Problem to work on: Please return the full listing exactly as written, with the images removed.

Records for the exercise:
──────────

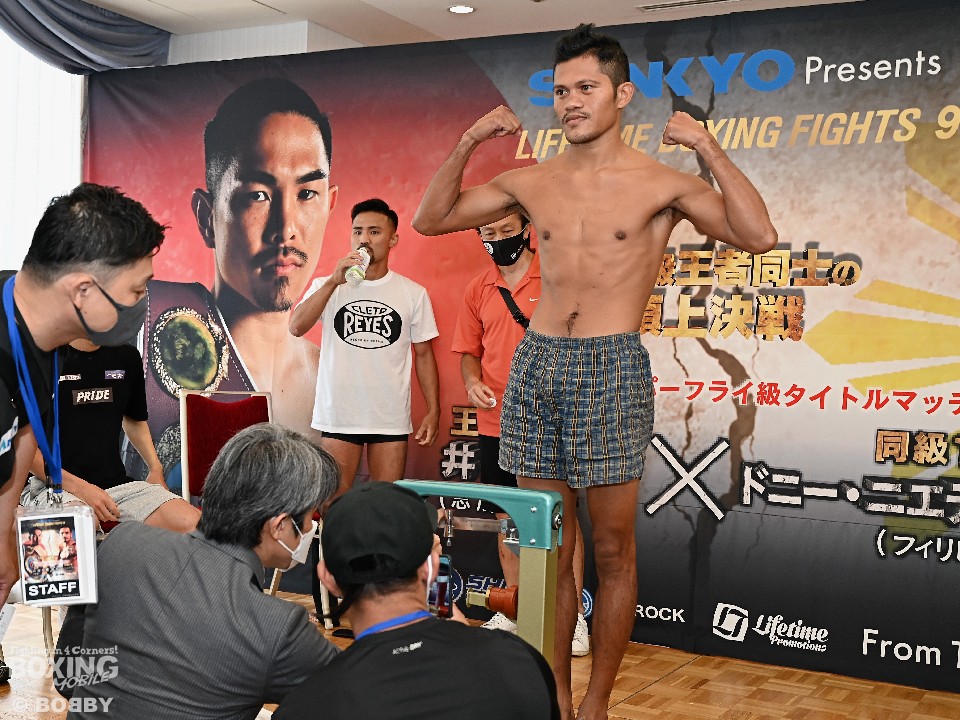 昨年4月以来の再起戦に臨む比嘉は、計量後に囲み取材に応じた。「良い感じで練習を積むことができた」と万全のコンディションをアピール。「明日は対峙してみて、最後はしっかりと倒す」と比嘉の代名詞であるKO決着を約束した。
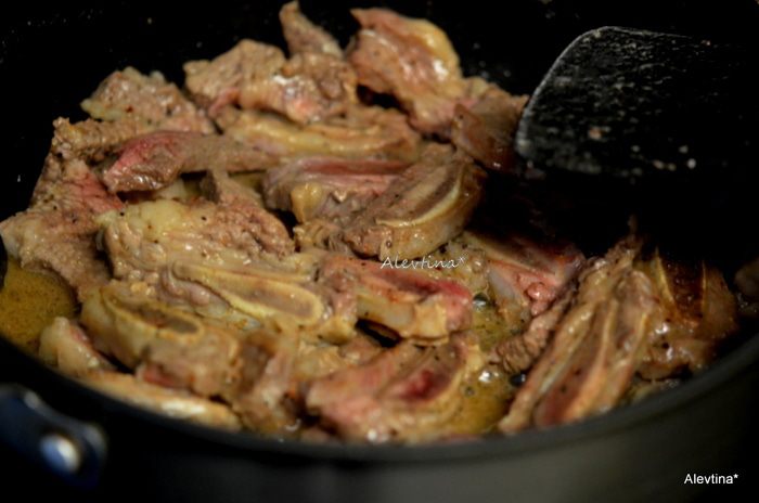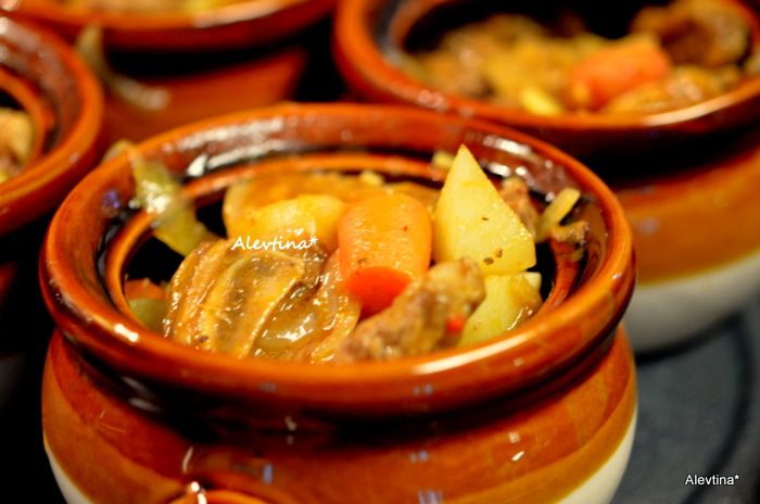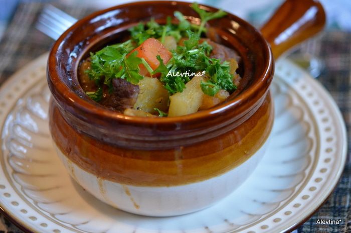 Вкусный ужин на двоих или на семью с кусочками мяса в горшочках. По рецепту идут говяжьи ребра с костью или без, разрезанные на кусочки.
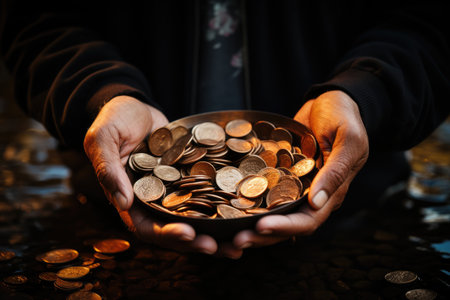 Closeup of a homeless man holding coins outdoors, evoking empathy and highlighting the harsh realities of poverty and social inequality. Ideal for charity campaigns and social advocacy.
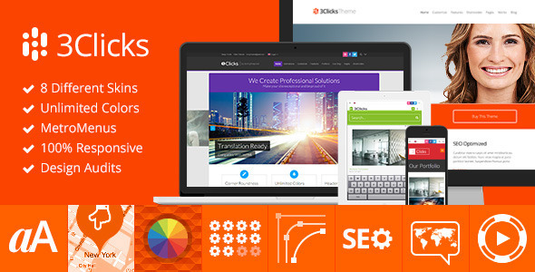 3Clicks WordPress主题是一个企业、作品展示主题,特点:4个预置的皮肤,自适应(响应)设计和视网膜支持,兼容FireFox, Safari, Chrome, IE8, IE9, IE10,无限颜色,强大的选项面板,多个博客和作品展示布局,WPML 支持,多种菜单,11个自定义页面,6个幻灯片类型,博客文章格式支持,作品筛选支持,花式简码等。
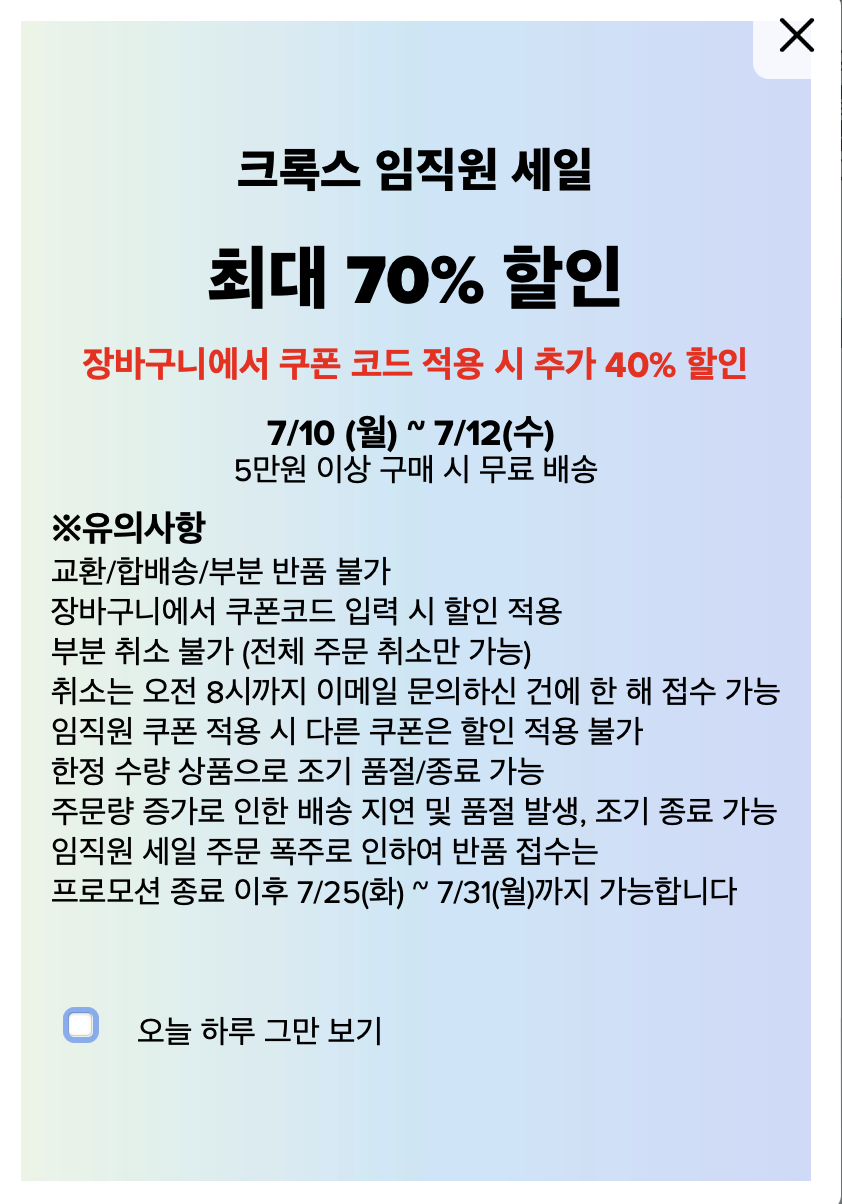 = 임직원세일이라고 거창한거 같지만, 거의 분기별로 매번 진행함. 크록스코리아만의 마케팅 비법임.

──────────

Answer to this exercise:
 昨年4月以来の再起戦に臨む比嘉は、計量後に囲み取材に応じた。「良い感じで練習を積むことができた」と万全のコンディションをアピール。「明日は対峙してみて、最後はしっかりと倒す」と比嘉の代名詞であるKO決着を約束した。
 Вкусный ужин на двоих или на семью с кусочками мяса в горшочках. По рецепту идут говяжьи ребра с костью или без, разрезанные на кусочки.
 Closeup of a homeless man holding coins outdoors, evoking empathy and highlighting the harsh realities of poverty and social inequality. Ideal for charity campaigns and social advocacy.
 3Clicks WordPress主题是一个企业、作品展示主题,特点:4个预置的皮肤,自适应(响应)设计和视网膜支持,兼容FireFox, Safari, Chrome, IE8, IE9, IE10,无限颜色,强大的选项面板,多个博客和作品展示布局,WPML 支持,多种菜单,11个自定义页面,6个幻灯片类型,博客文章格式支持,作品筛选支持,花式简码等。
 = 임직원세일이라고 거창한거 같지만, 거의 분기별로 매번 진행함. 크록스코리아만의 마케팅 비법임.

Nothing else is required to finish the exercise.